[Opening Source material section]
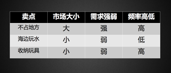 顯然,可折疊不占地方市場大,需求強(qiáng),頻率高,是王牌賣點(diǎn),值得重點(diǎn)說,說透,其他相對不重要,可以說得少,篇幅小。這樣分析下來,即使不做大量調(diào)研,也能獲得比較靠譜的結(jié)論。
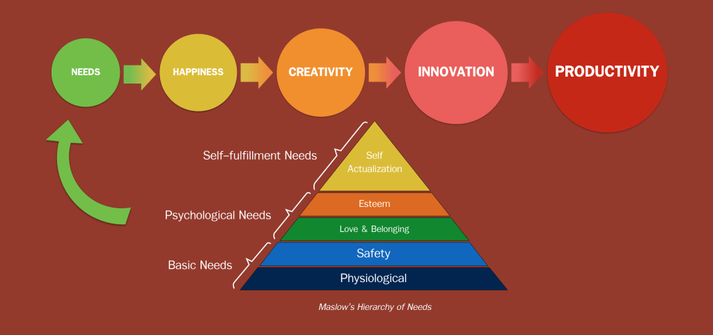 โดยส่วนแล้ว ผมเชื่อว่าความสุขเป็นปัจจัยหนึ่งที่ขับเคลื่อนความคิดสร้างสรรค์ ซึ่งบางคนอาจโต้แย้งว่า มีการศึกษาที่แสดงความสัมพันธ์ระหว่างภาวะซึมเศร้าและความคิดสร้างสรรค์ที่พบว่าศิลปินระดับโลกหลายคนเป็นโรคซึมเศร้า แต่ผมคิดว่ามันจะเป็นความสร้างสรรค์ที่ไม่ยั่งยืน อีกทั้งสำหรับคนปรกติทั่วไป มันค่อนข้างยากที่จะมีความสุขได้หากไม่สามารถเข้าถึงความต้องการขั้นพื้นฐาน (อ้างอิงทฤษฎีลำดับขั้นความต้องการของมาสโลว์ท่ีกล่าวแล้วด้านบน) ซึ่งทำให้ผมเขียนแผนภาพแรกดังแสดงด้านล่างนี้
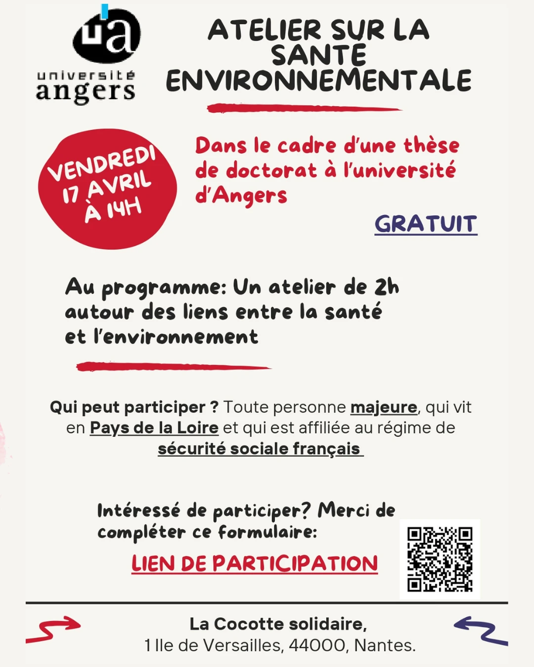 - Vendredi 17 avril, 14h-16h : Atelier sur la santé environnementale
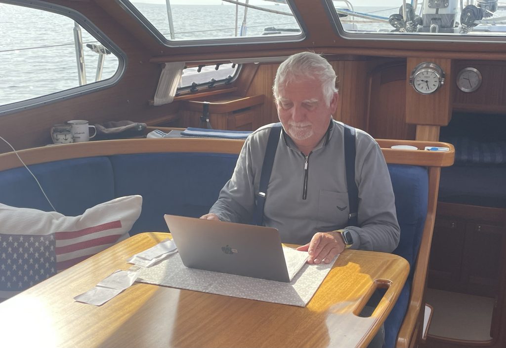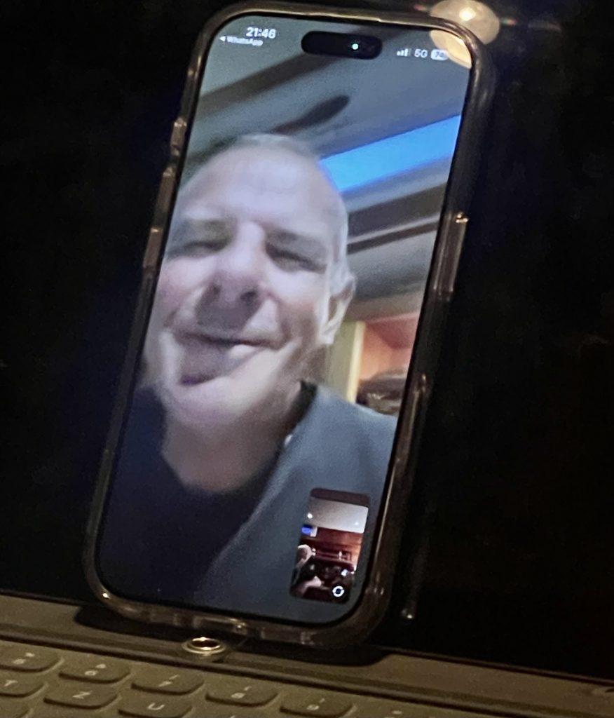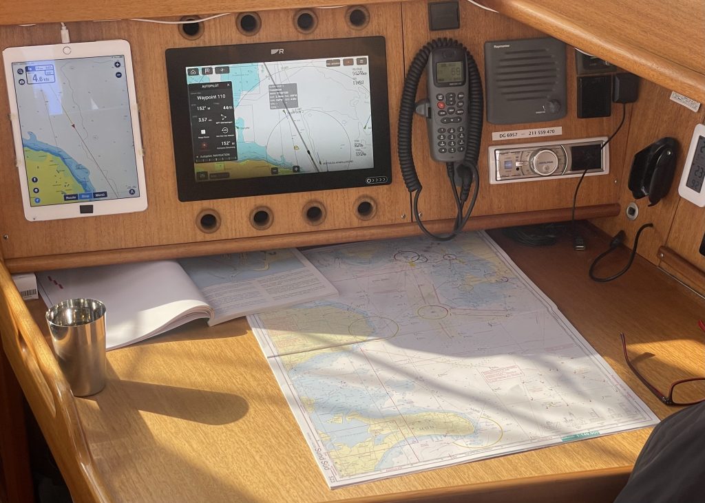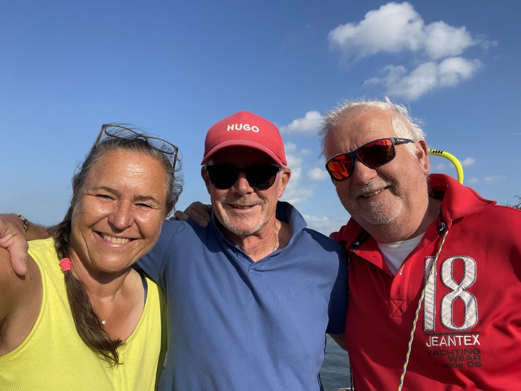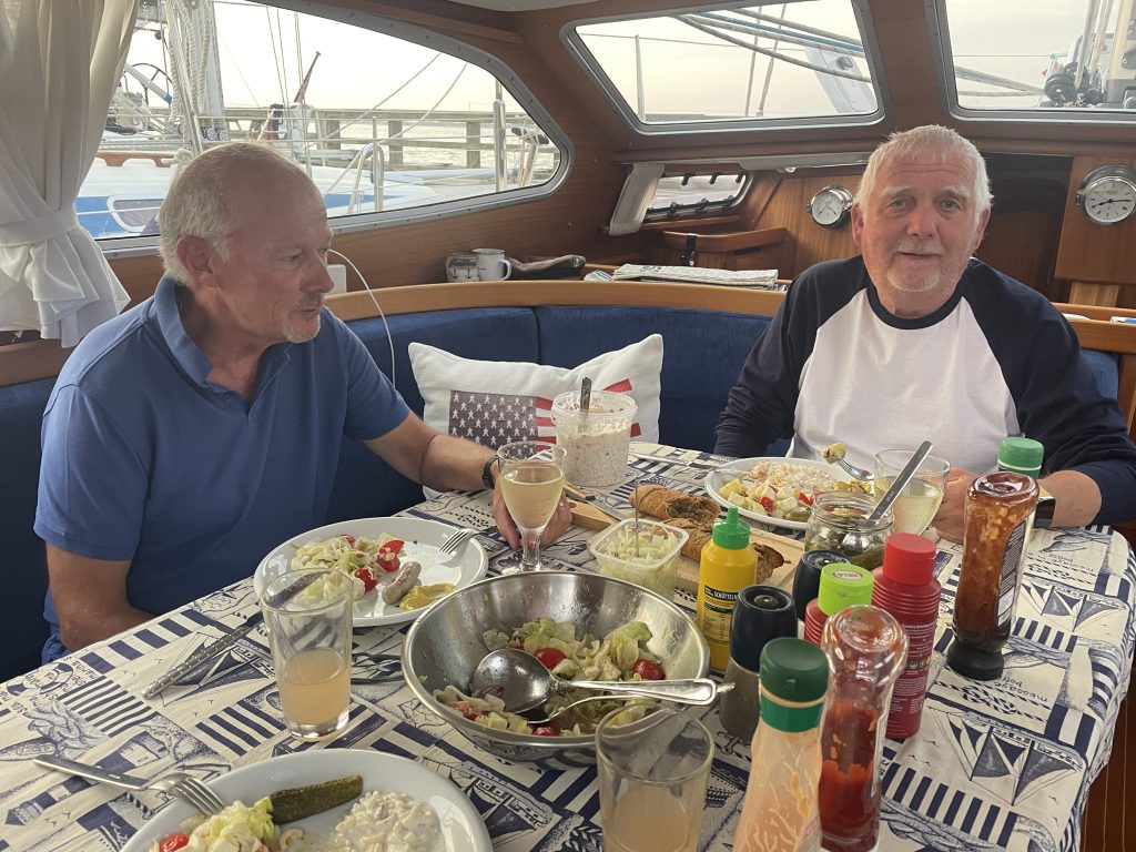 Am Abend – der Wind hat mal grad wieder kräftig zugelegt – trudelt unser Freund Mathias ein, um uns für ein paar Tage an Bord Gesellschaft zu leisten. Die Wiedersehensfreude ist groß, auch wenn wir das geplante Grillen lieber unter Deck verlegen. Draußen weht einem ja die Wurst vom Teller. Wir haben einen fröhlichen Abend und nutzen die Zeit für einen Whatsapp-Anruf bei unserem Freund Ulli. Schade, dass er so weit weg ist. Er segelt noch durch die ostschwedischen Schären, bewegt sich aber wieder gen Süden und kommt der Heimat langsam näher. Mathias und Ulli kennen sich vom letzten Jahr in Västervik und haben damals bei uns an Bord um die Schlafkoje geknobelt 😉: Hundekoje oder Vorschiff, das war damals die Frage. Heute ist klar: Mathias bekommt das Vorschiff (wie damals😴).
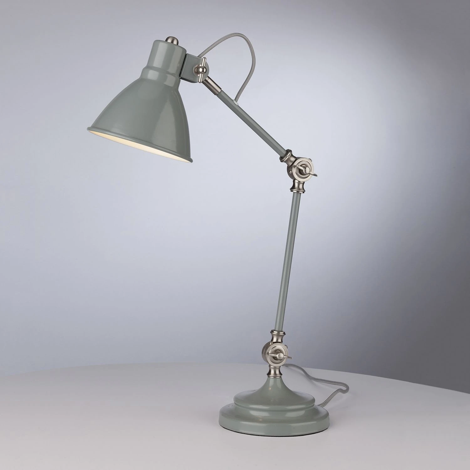 The Eunice task lamp features an adjustable head and arm that can be altered at the base and middle, allowing you to adapt the angle of the lamp and direct the light.
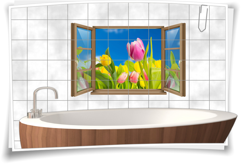 Fliesen-Aufkleber Fliesen-Bild Fenster Tulpen Blumen-Strauß Bunt Blau Rosen Garten Bad WC Aufkleber Folie Deko
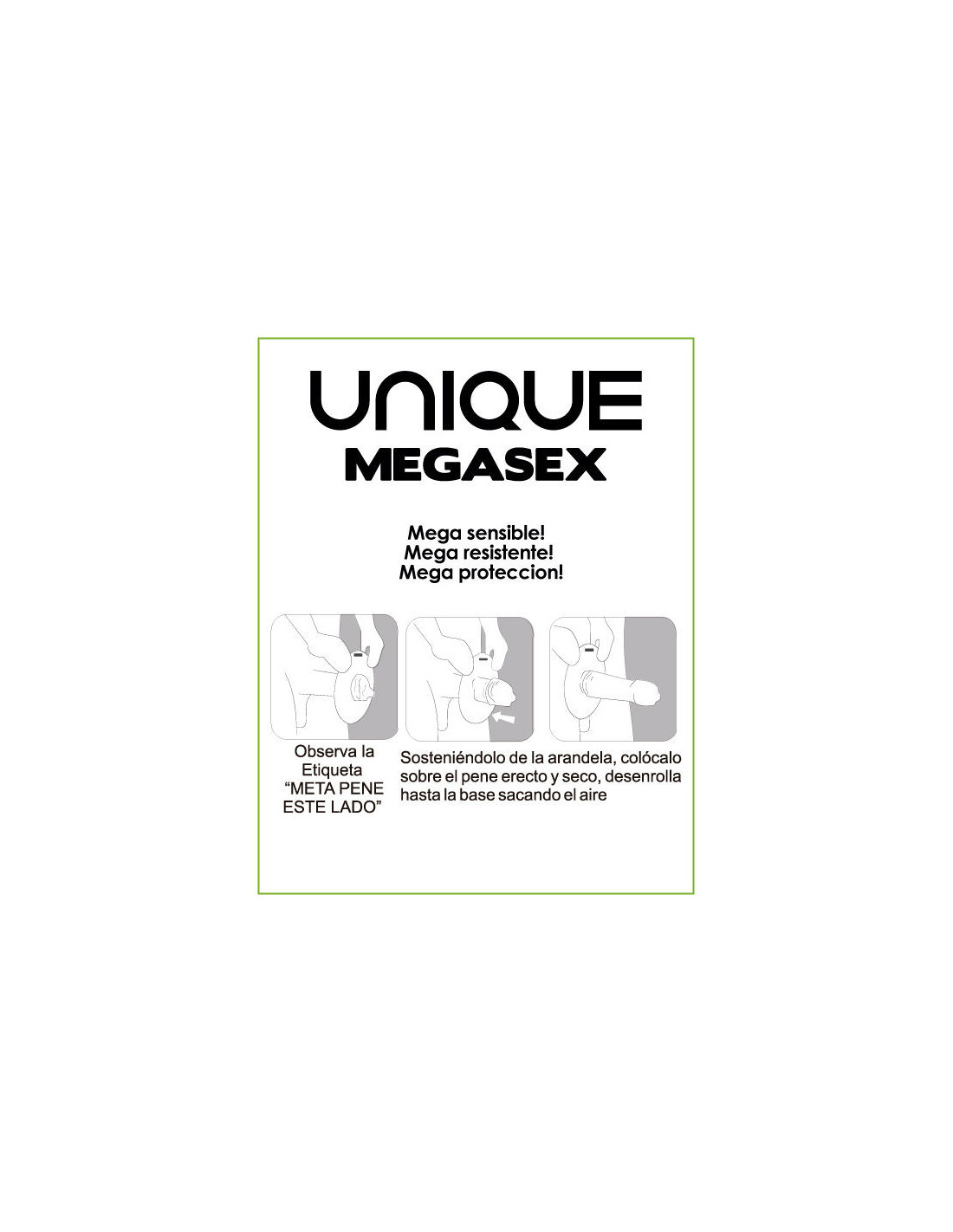 The MEGASEX condoms were initially developed to be economical. Designed to be used on either side, each packet includes lubricant ULTRALUB, to apply at the time of use. MEGASEX , like all Unique Condoms, can also be used with any lubricant.
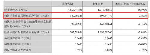 日前,宁德时代发布了2022年第一季度业绩报告。报告期内,宁德时代实现营业总收入486.78亿元,同比增长153.97%;实现归母净利润14.93亿元,同比下降23.62%;实现扣非后净利润9.77亿元,同比下降41.57%。
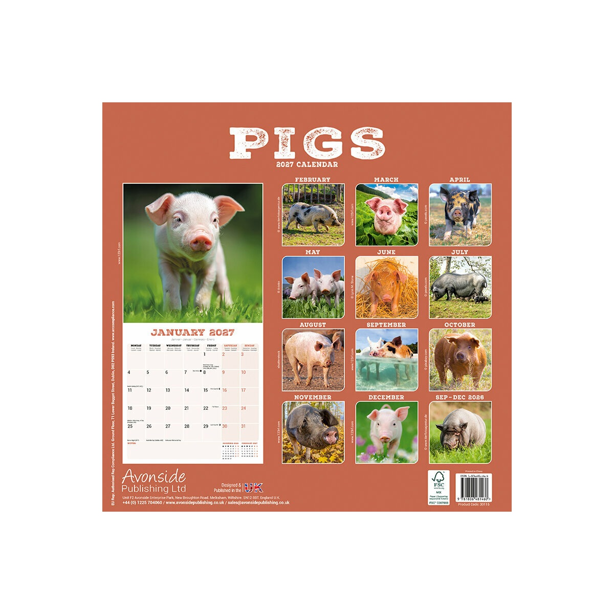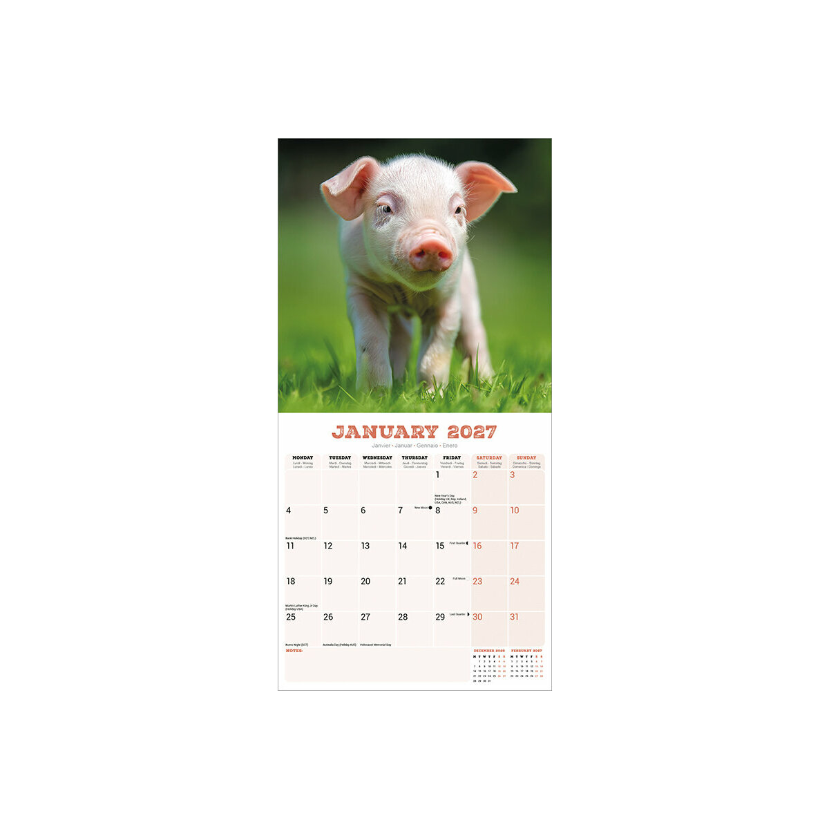 Description : Calendrier 2027 Cochon
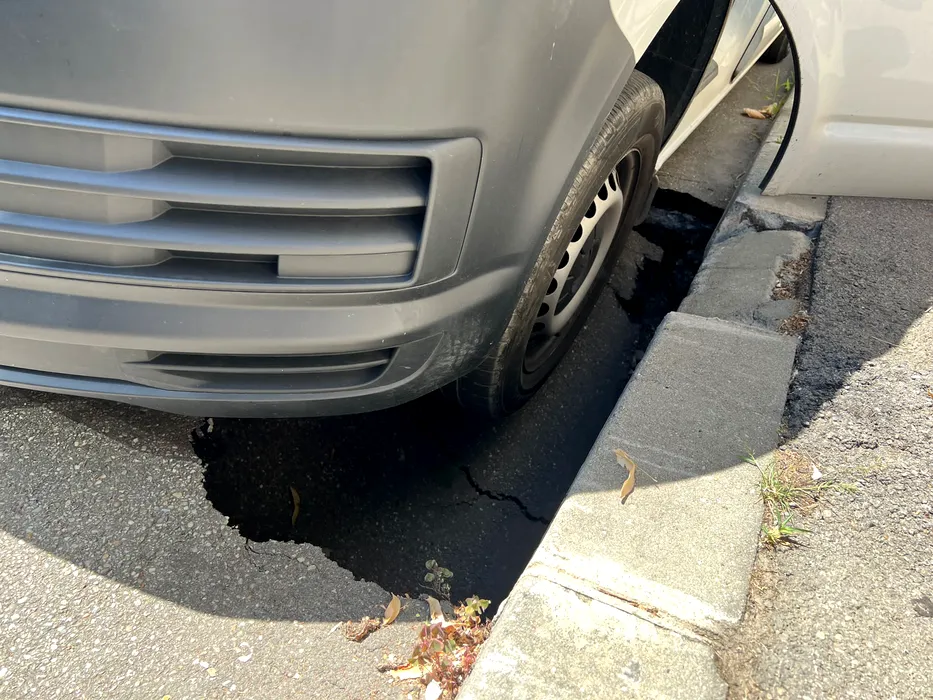 VIDEO | O camionetă de curierat a căzut într-o groapă formată în carosabil, în zona Capitale din București. Ce măsuri au luat pompierii
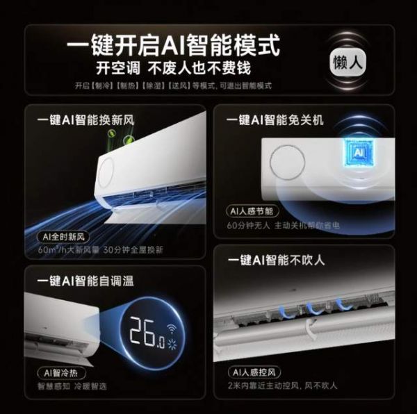 值得一提的是,这款空调还具备智能节能特性。AI人感节能技术实现一小时无人自动关机,结合APF5.32超高能效,全年可省电约295度,让用户在获得舒适体验的同时省电省心。
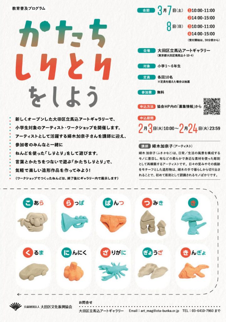 කලාකරුගේකනාකෝ ෆුකිさんを講師に迎え、参加者のみんなと一緒にねんどを使った「しりとり」をして遊びます。言葉とかたちをつないで遊ぶ「かたちしりとり」で、気軽に楽しい造形作品を作ってみよう!なお、ワークショップで作ったねんどは終了後にギャラリー内で展示します。
[Closing Source material section]
Can the lines from the start of the records through the line with "- Vendredi 17" be given again exactly, with the pictures left out?

 顯然,可折疊不占地方市場大,需求強(qiáng),頻率高,是王牌賣點(diǎn),值得重點(diǎn)說,說透,其他相對不重要,可以說得少,篇幅小。這樣分析下來,即使不做大量調(diào)研,也能獲得比較靠譜的結(jié)論。
 โดยส่วนแล้ว ผมเชื่อว่าความสุขเป็นปัจจัยหนึ่งที่ขับเคลื่อนความคิดสร้างสรรค์ ซึ่งบางคนอาจโต้แย้งว่า มีการศึกษาที่แสดงความสัมพันธ์ระหว่างภาวะซึมเศร้าและความคิดสร้างสรรค์ที่พบว่าศิลปินระดับโลกหลายคนเป็นโรคซึมเศร้า แต่ผมคิดว่ามันจะเป็นความสร้างสรรค์ที่ไม่ยั่งยืน อีกทั้งสำหรับคนปรกติทั่วไป มันค่อนข้างยากที่จะมีความสุขได้หากไม่สามารถเข้าถึงความต้องการขั้นพื้นฐาน (อ้างอิงทฤษฎีลำดับขั้นความต้องการของมาสโลว์ท่ีกล่าวแล้วด้านบน) ซึ่งทำให้ผมเขียนแผนภาพแรกดังแสดงด้านล่างนี้
 - Vendredi 17 avril, 14h-16h : Atelier sur la santé environnementale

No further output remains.